Search the listing below for the word "赤い花プロジェクト", and copy every line in which it turns up.

__Data provided__.

..........

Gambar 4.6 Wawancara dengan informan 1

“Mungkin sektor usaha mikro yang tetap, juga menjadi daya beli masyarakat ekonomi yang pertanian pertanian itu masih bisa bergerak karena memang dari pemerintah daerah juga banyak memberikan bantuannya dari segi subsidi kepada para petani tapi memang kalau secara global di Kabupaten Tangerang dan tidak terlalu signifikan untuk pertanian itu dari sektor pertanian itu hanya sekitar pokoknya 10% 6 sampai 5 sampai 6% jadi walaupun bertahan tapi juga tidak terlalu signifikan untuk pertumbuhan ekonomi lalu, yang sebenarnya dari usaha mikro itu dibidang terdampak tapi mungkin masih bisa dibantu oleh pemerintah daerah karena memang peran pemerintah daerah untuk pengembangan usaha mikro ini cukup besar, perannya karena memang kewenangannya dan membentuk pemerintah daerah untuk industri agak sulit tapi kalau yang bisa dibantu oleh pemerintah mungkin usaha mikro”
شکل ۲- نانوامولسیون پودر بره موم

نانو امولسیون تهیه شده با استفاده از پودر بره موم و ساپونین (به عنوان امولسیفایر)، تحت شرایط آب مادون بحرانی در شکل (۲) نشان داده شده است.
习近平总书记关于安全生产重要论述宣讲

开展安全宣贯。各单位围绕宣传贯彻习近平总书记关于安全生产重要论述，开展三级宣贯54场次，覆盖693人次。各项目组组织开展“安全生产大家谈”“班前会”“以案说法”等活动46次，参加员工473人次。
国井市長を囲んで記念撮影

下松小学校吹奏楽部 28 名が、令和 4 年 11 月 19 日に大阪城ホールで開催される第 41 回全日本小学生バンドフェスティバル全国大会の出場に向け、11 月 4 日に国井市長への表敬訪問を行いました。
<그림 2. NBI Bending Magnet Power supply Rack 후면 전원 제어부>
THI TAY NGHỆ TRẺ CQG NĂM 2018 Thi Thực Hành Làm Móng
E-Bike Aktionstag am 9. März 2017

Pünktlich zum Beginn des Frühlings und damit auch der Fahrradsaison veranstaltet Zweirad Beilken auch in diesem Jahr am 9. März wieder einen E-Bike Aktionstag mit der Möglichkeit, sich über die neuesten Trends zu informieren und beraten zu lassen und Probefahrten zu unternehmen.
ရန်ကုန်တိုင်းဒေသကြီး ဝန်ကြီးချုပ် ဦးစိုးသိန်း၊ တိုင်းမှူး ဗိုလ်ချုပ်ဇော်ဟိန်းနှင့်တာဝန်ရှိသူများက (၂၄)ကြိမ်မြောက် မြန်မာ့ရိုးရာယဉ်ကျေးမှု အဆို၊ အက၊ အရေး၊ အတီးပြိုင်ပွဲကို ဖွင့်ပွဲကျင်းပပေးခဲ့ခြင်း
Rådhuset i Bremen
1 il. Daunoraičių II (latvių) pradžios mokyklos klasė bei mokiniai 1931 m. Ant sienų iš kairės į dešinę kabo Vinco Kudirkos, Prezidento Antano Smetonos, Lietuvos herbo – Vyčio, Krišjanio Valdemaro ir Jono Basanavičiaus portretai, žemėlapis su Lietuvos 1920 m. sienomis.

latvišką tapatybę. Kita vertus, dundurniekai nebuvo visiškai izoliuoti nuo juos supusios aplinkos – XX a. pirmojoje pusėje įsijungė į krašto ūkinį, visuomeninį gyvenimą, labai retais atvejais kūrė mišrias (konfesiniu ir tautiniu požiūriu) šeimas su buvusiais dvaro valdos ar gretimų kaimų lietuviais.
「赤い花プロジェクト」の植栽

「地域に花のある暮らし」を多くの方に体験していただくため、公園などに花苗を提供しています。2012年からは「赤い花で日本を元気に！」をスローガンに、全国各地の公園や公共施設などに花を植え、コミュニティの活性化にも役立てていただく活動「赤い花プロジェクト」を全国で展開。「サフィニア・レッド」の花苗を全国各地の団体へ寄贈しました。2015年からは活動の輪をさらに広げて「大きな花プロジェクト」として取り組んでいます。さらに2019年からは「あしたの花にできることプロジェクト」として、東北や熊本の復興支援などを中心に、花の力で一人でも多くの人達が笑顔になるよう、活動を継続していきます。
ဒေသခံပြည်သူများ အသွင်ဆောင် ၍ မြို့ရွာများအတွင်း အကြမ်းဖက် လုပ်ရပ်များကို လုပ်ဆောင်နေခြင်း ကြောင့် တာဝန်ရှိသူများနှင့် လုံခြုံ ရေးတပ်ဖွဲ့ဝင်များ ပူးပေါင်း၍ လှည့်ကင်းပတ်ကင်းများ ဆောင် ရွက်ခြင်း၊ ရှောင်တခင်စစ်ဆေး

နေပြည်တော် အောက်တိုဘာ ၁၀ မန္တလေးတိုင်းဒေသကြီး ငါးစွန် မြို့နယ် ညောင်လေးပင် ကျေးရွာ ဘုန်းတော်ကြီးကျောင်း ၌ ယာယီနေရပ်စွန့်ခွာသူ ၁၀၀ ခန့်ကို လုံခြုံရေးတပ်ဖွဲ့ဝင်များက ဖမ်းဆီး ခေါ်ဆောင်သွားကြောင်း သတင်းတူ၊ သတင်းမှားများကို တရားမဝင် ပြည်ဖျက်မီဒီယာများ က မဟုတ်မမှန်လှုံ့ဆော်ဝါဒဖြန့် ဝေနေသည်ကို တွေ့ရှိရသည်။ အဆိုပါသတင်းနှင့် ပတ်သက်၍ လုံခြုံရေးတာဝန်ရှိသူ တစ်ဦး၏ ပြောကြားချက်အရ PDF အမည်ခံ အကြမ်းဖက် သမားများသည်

..........

__Answer to this problem__.
「赤い花プロジェクト」の植栽
「地域に花のある暮らし」を多くの方に体験していただくため、公園などに花苗を提供しています。2012年からは「赤い花で日本を元気に！」をスローガンに、全国各地の公園や公共施設などに花を植え、コミュニティの活性化にも役立てていただく活動「赤い花プロジェクト」を全国で展開。「サフィニア・レッド」の花苗を全国各地の団体へ寄贈しました。2015年からは活動の輪をさらに広げて「大きな花プロジェクト」として取り組んでいます。さらに2019年からは「あしたの花にできることプロジェクト」として、東北や熊本の復興支援などを中心に、花の力で一人でも多くの人達が笑顔になるよう、活動を継続していきます。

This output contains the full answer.